Projeto social do Rock in Rio globaliza-se com ambiente, música e árvores

Projeto social do Rock in Rio globaliza-se com ambiente, música e árvores

 

Lusa/AO Online   Nacional   25 de Ago de 2016, 10:15

O festival de música Rock in Rio, no Brasil desde 1985, é também um projeto social que já apoiou 3.200 jovens no Rio de Janeiro, plantou 19 mil árvores em Mafra e que, no sábado, se torna mundial.

 

O projeto social “Um Mundo Melhor” começou em 2001 (na terceira edição brasileira do festival, que está em Portugal desde 2004) e, até hoje, segundo os números da organização, já investiu cerca de 24 milhões de euros em projetos sociais e ambientais.

Plantou 304 mil árvores, apoiou mais de 200 entidades, beneficiou mais de 50 mil pessoas, apoiou cem salas de aulas em zonas carentes do Rio de Janeiro, Brasil, uma escola na Tanzânia e 14 salas para cegos e jovens com deficiências.

Da lista de apoios fazem parte também, por exemplo, uma dezena de salas de música no Brasil, mais de 700 painéis solares em Portugal, bolsas de estudo e doação de instrumentos musicais.

Esta semana, pela primeira vez, o projeto social torna-se global, com um concerto do tenor Plácido Domingo, no sábado, em plena região amazónica do Brasil, num palco flutuante montado num rio para chamar a atenção para a preservação ambiental e para os perigos das alterações climáticas.

Roberto Medina, o brasileiro que é fundador e presidente do Rock in Rio, escolheu a região por ter um papel fundamental no equilíbrio climático do planeta e por a floresta estar a ser posta em causa, com a constante desflorestação ('desmatamento').

O projeto social inclui a aposta na plantação de quatro milhões de árvores, três milhões já assegurados.

A floresta amazónica tem cerca de seis milhões de quilómetros quadrados e estende-se pelo Brasil, que tem a maior parte, mas também pela Bolívia, Colômbia, Equador, Guiana, Guiana Francesa, Peru, Suriname e Venezuela. Contém a mais importante reserva de biodiversidade do mundo.

Só do lado brasileiro, a floresta alberga cerca de 30 mil espécies vegetais (das cem mil da América do Sul), 1.800 espécies de peixes, 399 espécies de mamíferos, 1.300 espécies de aves, 284 espécies de répteis e 250 espécies de anfíbios.

É do lado brasileiro que fica a maior bacia hidrográfica do mundo, com seis milhões de quilómetros quadrados e 1.100 afluentes.

Números oficiais indicam que 18 por cento da Amazónia já foi desflorestada.
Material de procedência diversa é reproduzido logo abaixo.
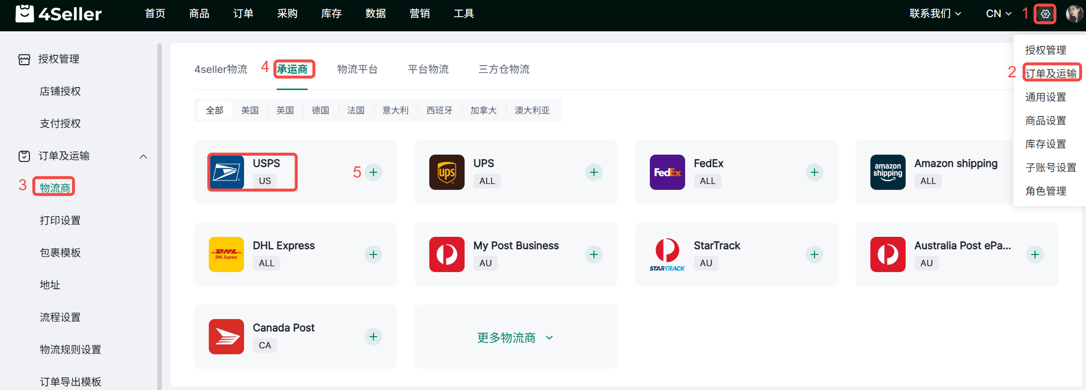 1、点击设置-订单及运输-物流商-直营物流商-找到USPS NEW 点击“+”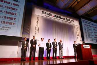 会員向けイベント「第15回ジャーブネット全国大会」で決意表明する参加企業(7月3日、目黒雅叙園=東京)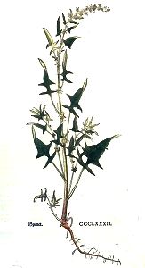 Spinat hat einen runden stengel / von unden auff ein wenig braunrot / der ist gemeinlich einer elen hoch / zu zeiten höher / inwendig hol / der würdt erstlich mit weychen melbechten oder schmutzigen / und dreyspitzigen blettern bekleydt. Dieselbigen werden nachvolgends den Wegwarten blettern gleich / unnd am end gegen den stylen außgeschnitten zu beyden seite / mit zweyen spitzigen ohren. Zwüschen den flügeln der stengel unnd blettern wechßt der stechend same / ye sechs oder siben neben einander getrungen / ein yedes sämlin für sich selbs ist ein wenig breyt mit zweyen spitzigen dörnlin. Am gipffel der stengel gewint es seine blumen wie die trauben zusamen getrungen. Die wurtzel ist lang / schmal / mit kleinen fäßlin / an der farb geel.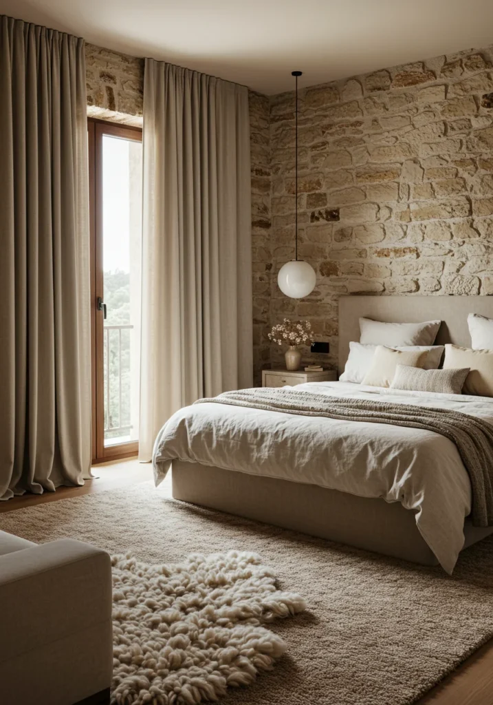 Earthy luxury bedroom with stone walls, neutral hues, and soft textiles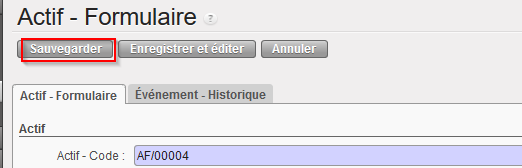 Cliquer sur Sauvegarder pour enregistrer le nouveau formulaire Actif.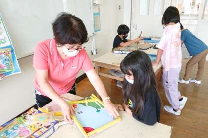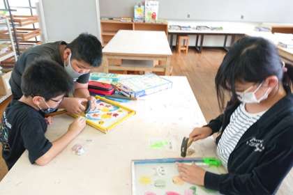 図画工作科の時間には、木材を使ってコリントゲームを作っています。
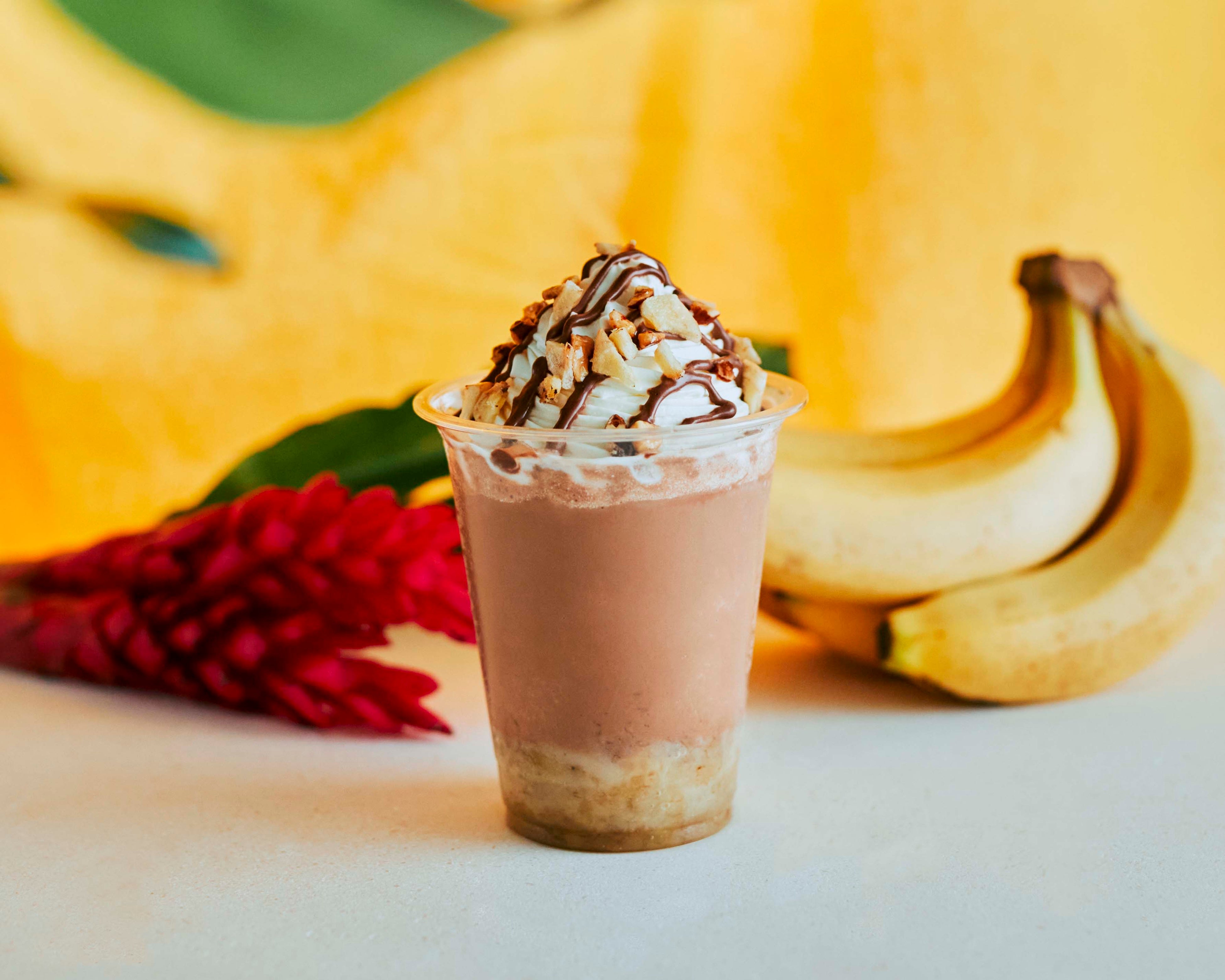 コロンビア産の香り豊かで滑らかなクーベルチュールを贅沢に使用したフローズンドリンク。下には濃厚なフレッシュバナナのソース、ミルクとビターをブレンドしたチョコレートフローズン、上にはアーモンドミルクの生クリームとチョコソース、ドライバナナチップとキャラメリゼアーモンドをのせました。まるでチョコパフェ!デザートとしてお楽しみ頂ける生チョコドリンクです。

Mas as estimativas (do Instituto Socioambiental - ISA - do Brasil) também indicam que uma floresta com três milhões de árvores transpira, por dia, 48 milhões de litros de água.

Diz o ISA que a Amazónia tem 20 por cento da água doce do planeta.

No mundo, a água potável pode chegar a metade das pessoas que hoje abastece, devido ao aumento da temperatura global, decorrente das alterações climáticas.

“Estima-se que a destruição da floresta tropical mundial poderá, nos próximos quatro anos, libertar mais carbono para a atmosfera do que todos os voos, desde o nascimento da aviação, até 2025”, alerta a organização do Rock in Rio, em comunicado.

Para inverter o processo de desflorestação da Amazónia e alertar para a importância de preservar o ambiente, o concerto da Amazónia quer chegar ao mundo inteiro com a transmissão em 'streaming' (transmissão direta, através da internet).

O projeto, Amazónia Live, segue em todas as edições do Rock in Rio até 2019. Mas, para já, no sábado, Plácido Domingo cantará num rio em plena floresta. Por ela, pelos milhões de árvores a ser plantadas, pela bacia do rio Xingu (das zonas mais devastadas no Brasil), pela Amazónia inteira e pelo mundo.